Task
When you reach the line with "This paper investigates" in the listing below, transcribe it and each line after it up to and including the line with "A streaming radio", exactly and with nothing else.

Supplied material section start

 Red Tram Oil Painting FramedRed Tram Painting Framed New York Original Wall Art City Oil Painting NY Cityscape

Supplied material section end
Supplied material section start

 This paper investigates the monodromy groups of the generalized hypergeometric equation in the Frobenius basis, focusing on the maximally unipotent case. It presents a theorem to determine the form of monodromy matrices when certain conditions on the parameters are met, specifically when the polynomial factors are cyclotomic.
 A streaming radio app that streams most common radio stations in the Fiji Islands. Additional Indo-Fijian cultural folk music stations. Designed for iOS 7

Supplied material section end

Finished exercise
 This paper investigates the monodromy groups of the generalized hypergeometric equation in the Frobenius basis, focusing on the maximally unipotent case. It presents a theorem to determine the form of monodromy matrices when certain conditions on the parameters are met, specifically when the polynomial factors are cyclotomic.
 A streaming radio app that streams most common radio stations in the Fiji Islands. Additional Indo-Fijian cultural folk music stations. Designed for iOS 7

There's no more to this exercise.